Exercise: Without reproducing any picture, copy the records word for word.

Excerpted records:
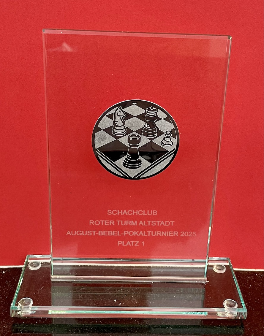 Nach dem Halbfinale war klar: Es wird einen neuen Namen auf der Ehrentafel, auf der die Gewinner des August-Bebel-Pokalturniers seit 1975 verzeichnet sind, geben: Jörg Günther oder Friedrich Grunert (FC Bayern München). Bis nach Mittternacht dauerte es, bis Jörg mit den schwarzen Steinen seinen Gegner in einem spannenden Springer-Endspiel besiegen konnte; Friedrich musste sich mit dem 2. Platz trösten – auch das keine geringe Leistung. Die Plätze 3 und 4 gingen an Florian Ries und Stefan Krämer. Die beiden DWZ-Preise erhielten Dirk Kampfmeier (SK Tarrasch), der ein tolles Turnier gespielt hatte, und Fabian Grede (RTA).
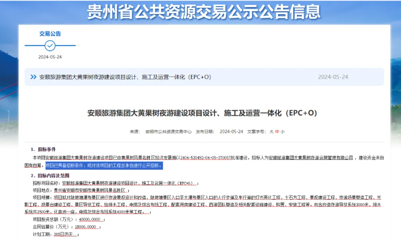 5月24日,貴州省公共資源交易網(wǎng)發(fā)布安順旅游集團(tuán)大黃果樹(shù)夜游建設(shè)項(xiàng)目設(shè)計(jì)、施工及運(yùn)營(yíng)一體化(EPC+O)招標(biāo)公告。項(xiàng)目投資總額40000萬(wàn)元,其中,本項(xiàng)目合同估算價(jià)為18000萬(wàn)元。
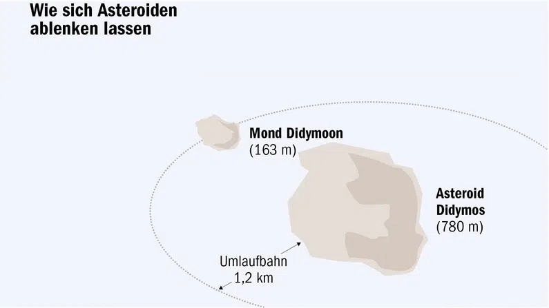 Bei der Mission soll zunächst die Nasa-Sonde „Dart“ 2022 auf den Asteroiden Didymoon treffen. Das ist der kleinere Brocken eines Doppelasteroiden namens Didymos in 150 Millionen Kilometern Entfernung von der Erde. Er besitzt einen Durchmesser von 160 Metern. Der Aufprall der Sonde soll einen Krater hinterlassen und die Umlaufbahn des Himmelskörpers verändern. Didymoon ist der Raumfahrtbehörde zufolge der erste Himmelskörper, der auf diese Weise von seiner Bahn abgelenkt wird.
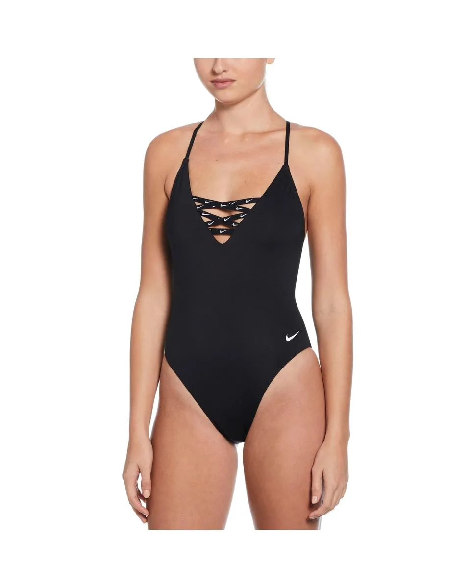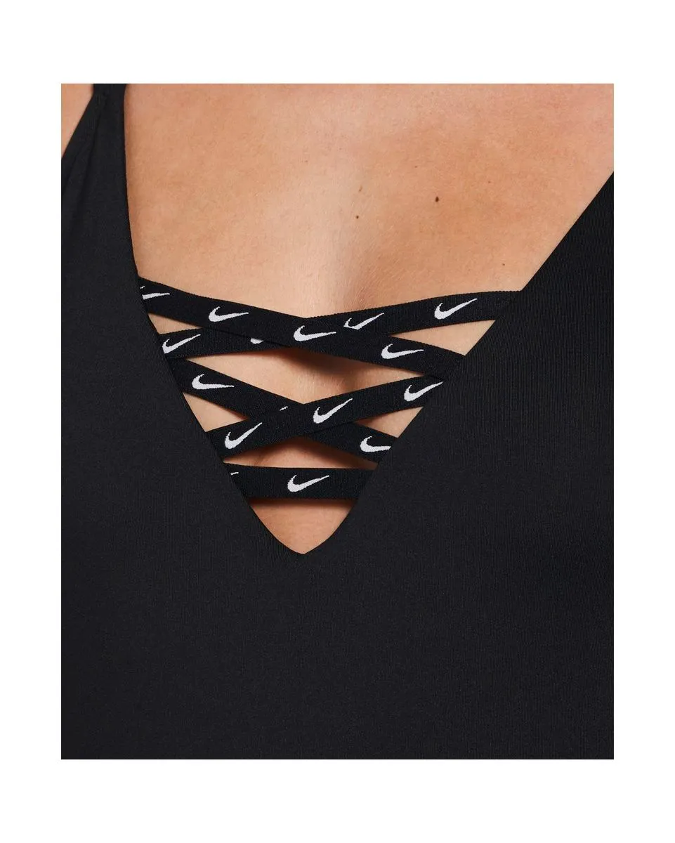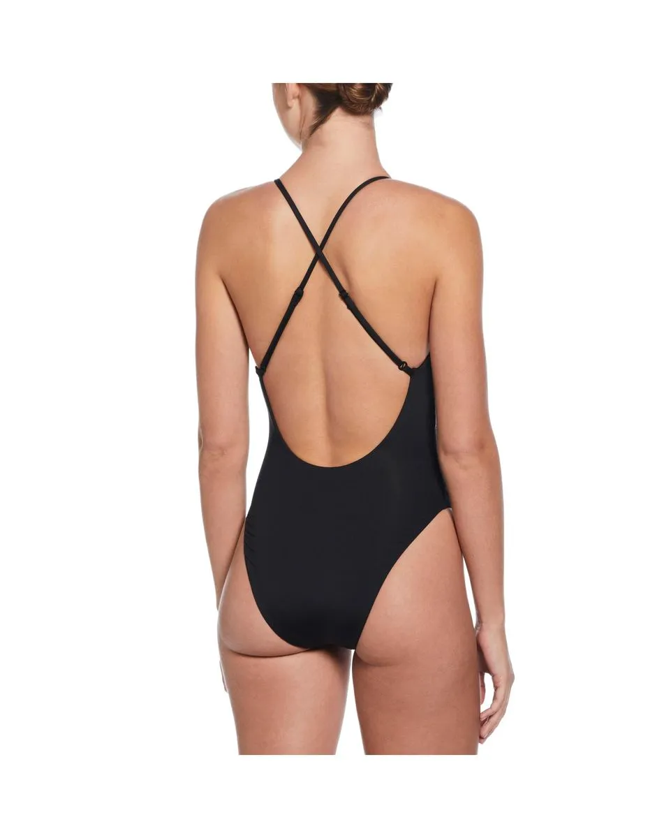 Maillot de bain une pièce, avec le dos croisé réglable à logo Swoosh, coupe ajustable. Les bonnets sont amovibles et sèchent rapidement. Dos ouvert et la coupe échancrée au niveau des fesses et des cuisses.
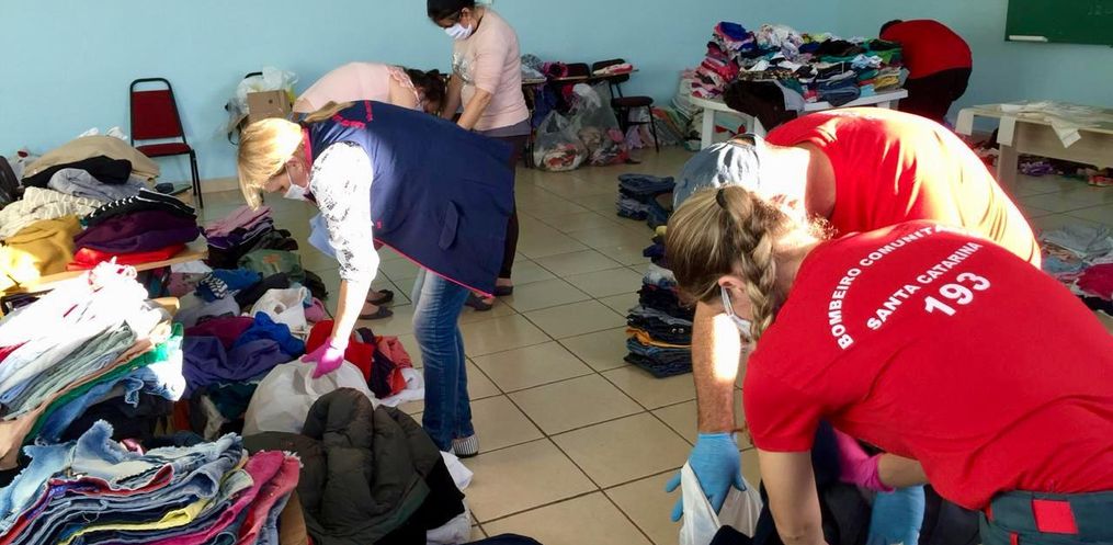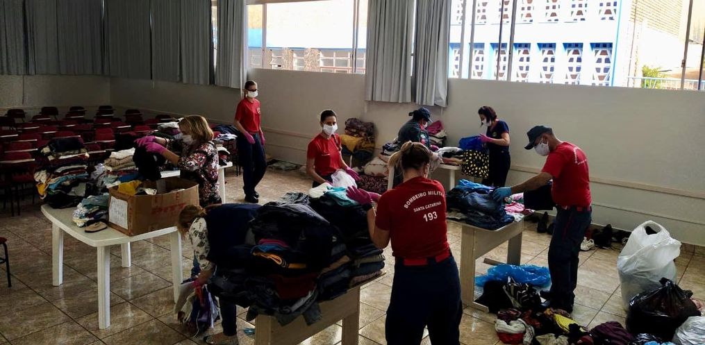 Em São Miguel do Oeste, o Corpo de Bombeiros Militar arrecadou 2.541 peças em condições de doação, dentre as quais encontram-se roupas de inverno (blusões, jaquetas, calças, cachecóis), cobertores, roupas de cama e banho, calçados, roupas infantis e peças de verão.
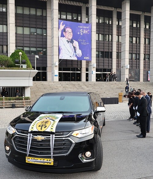 | ▲ 10일 오전 서울 영등포구 KBS 본관 앞에서 열린 '국민 MC' 방송인 고(故) 송해 추모 노제를 마친 뒤 영구차가 떠나고 있다. [서울=연합뉴스] |
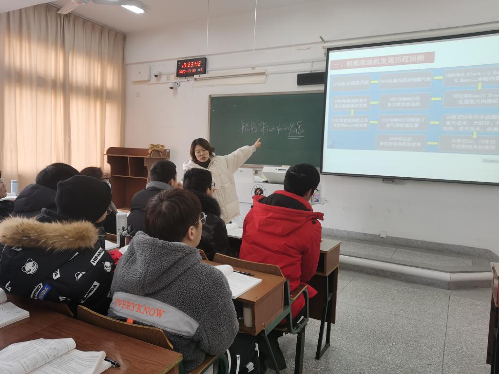 观摩课现场,姜琴老师在授课前分享了比赛现场“以人为本”安全生产观的教学设计,引导学生树立绿水青山就是金山银山的环保理念,理解平安中国、健康中国、绿色中国的发展理念,接着通过播放动画短视频导入教学主题——互助型安全文化,通过启发引导、电影素材、名人名言、典型案例等引导学生树立安全生产、遵规守纪、维护荣誉、关注他人的全局意识。刘洁老师首先回顾船舶柴油机发展历程,引导学生学习科学家们刻苦钻研、不懈努力、推动人类科技进步的精神,接着通过图表对比、数据分析、地图展示、归纳总结,引导学生树立保护环境、保护地球家园的环保理念,帮助学生理解人类命运共同体的理念内涵。宗霞老师通过对比中国与欧洲古代手工艺设计发展史,引导学生正视中外优秀文化,增强文化自信,整堂课程自然流畅,思路清晰,重难点把握得当,理论联系实际,展现了课程思政育人功能。
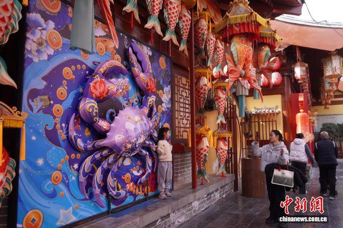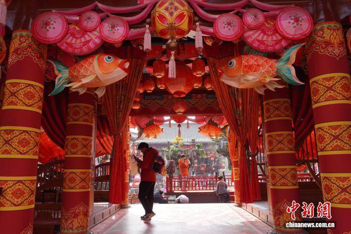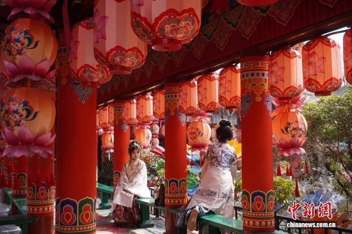 图为游客在挂满灯笼的连廊里拍照。中新社记者 韩章云 摄
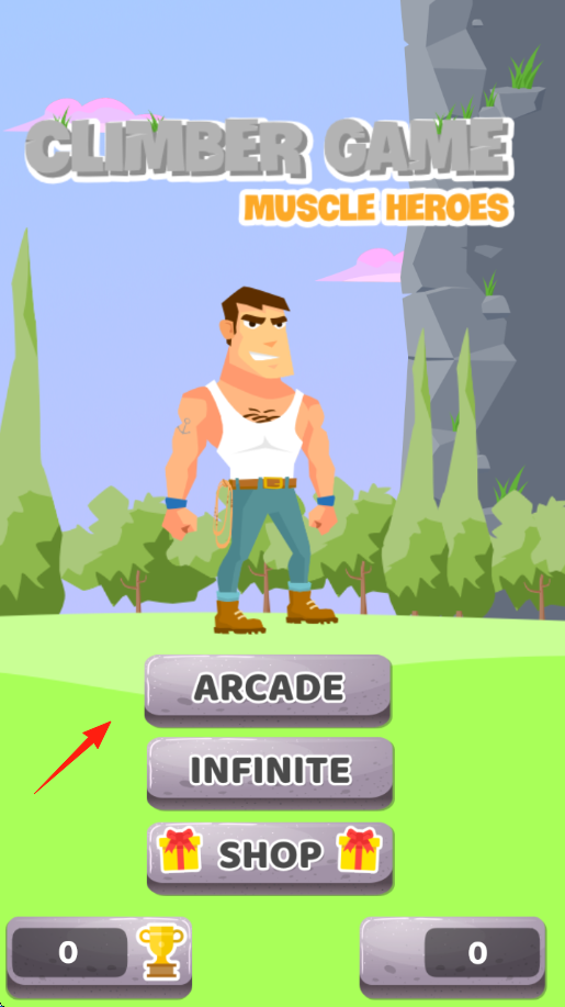 1、模式選擇主界面選“ARCADE(街機(jī))”“INFINITE(無(wú)限)”模式,或“SHOP(商店)”購(gòu)道具,控制肌肉男角色開始攀巖。
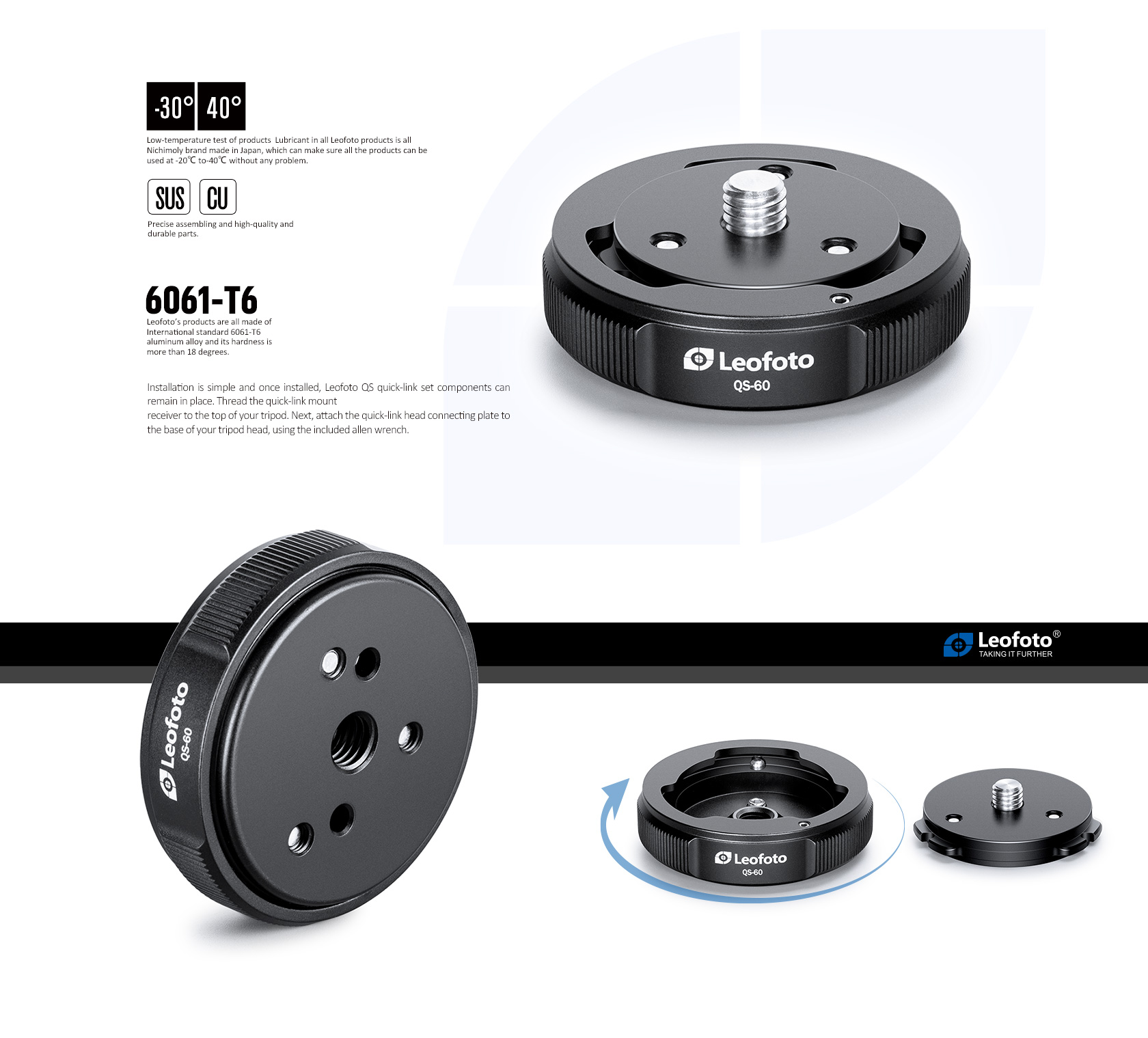 Leofoto QS-60 Quick-Link System Set, Ball Head Quick Release Mount 3/8″

Answer for this exercise:
 Nach dem Halbfinale war klar: Es wird einen neuen Namen auf der Ehrentafel, auf der die Gewinner des August-Bebel-Pokalturniers seit 1975 verzeichnet sind, geben: Jörg Günther oder Friedrich Grunert (FC Bayern München). Bis nach Mittternacht dauerte es, bis Jörg mit den schwarzen Steinen seinen Gegner in einem spannenden Springer-Endspiel besiegen konnte; Friedrich musste sich mit dem 2. Platz trösten – auch das keine geringe Leistung. Die Plätze 3 und 4 gingen an Florian Ries und Stefan Krämer. Die beiden DWZ-Preise erhielten Dirk Kampfmeier (SK Tarrasch), der ein tolles Turnier gespielt hatte, und Fabian Grede (RTA).
 5月24日,貴州省公共資源交易網(wǎng)發(fā)布安順旅游集團(tuán)大黃果樹(shù)夜游建設(shè)項(xiàng)目設(shè)計(jì)、施工及運(yùn)營(yíng)一體化(EPC+O)招標(biāo)公告。項(xiàng)目投資總額40000萬(wàn)元,其中,本項(xiàng)目合同估算價(jià)為18000萬(wàn)元。
 Bei der Mission soll zunächst die Nasa-Sonde „Dart“ 2022 auf den Asteroiden Didymoon treffen. Das ist der kleinere Brocken eines Doppelasteroiden namens Didymos in 150 Millionen Kilometern Entfernung von der Erde. Er besitzt einen Durchmesser von 160 Metern. Der Aufprall der Sonde soll einen Krater hinterlassen und die Umlaufbahn des Himmelskörpers verändern. Didymoon ist der Raumfahrtbehörde zufolge der erste Himmelskörper, der auf diese Weise von seiner Bahn abgelenkt wird.
 Maillot de bain une pièce, avec le dos croisé réglable à logo Swoosh, coupe ajustable. Les bonnets sont amovibles et sèchent rapidement. Dos ouvert et la coupe échancrée au niveau des fesses et des cuisses.
 Em São Miguel do Oeste, o Corpo de Bombeiros Militar arrecadou 2.541 peças em condições de doação, dentre as quais encontram-se roupas de inverno (blusões, jaquetas, calças, cachecóis), cobertores, roupas de cama e banho, calçados, roupas infantis e peças de verão.
 | ▲ 10일 오전 서울 영등포구 KBS 본관 앞에서 열린 '국민 MC' 방송인 고(故) 송해 추모 노제를 마친 뒤 영구차가 떠나고 있다. [서울=연합뉴스] |
 观摩课现场,姜琴老师在授课前分享了比赛现场“以人为本”安全生产观的教学设计,引导学生树立绿水青山就是金山银山的环保理念,理解平安中国、健康中国、绿色中国的发展理念,接着通过播放动画短视频导入教学主题——互助型安全文化,通过启发引导、电影素材、名人名言、典型案例等引导学生树立安全生产、遵规守纪、维护荣誉、关注他人的全局意识。刘洁老师首先回顾船舶柴油机发展历程,引导学生学习科学家们刻苦钻研、不懈努力、推动人类科技进步的精神,接着通过图表对比、数据分析、地图展示、归纳总结,引导学生树立保护环境、保护地球家园的环保理念,帮助学生理解人类命运共同体的理念内涵。宗霞老师通过对比中国与欧洲古代手工艺设计发展史,引导学生正视中外优秀文化,增强文化自信,整堂课程自然流畅,思路清晰,重难点把握得当,理论联系实际,展现了课程思政育人功能。
 图为游客在挂满灯笼的连廊里拍照。中新社记者 韩章云 摄
 1、模式選擇主界面選“ARCADE(街機(jī))”“INFINITE(無(wú)限)”模式,或“SHOP(商店)”購(gòu)道具,控制肌肉男角色開始攀巖。
 Leofoto QS-60 Quick-Link System Set, Ball Head Quick Release Mount 3/8″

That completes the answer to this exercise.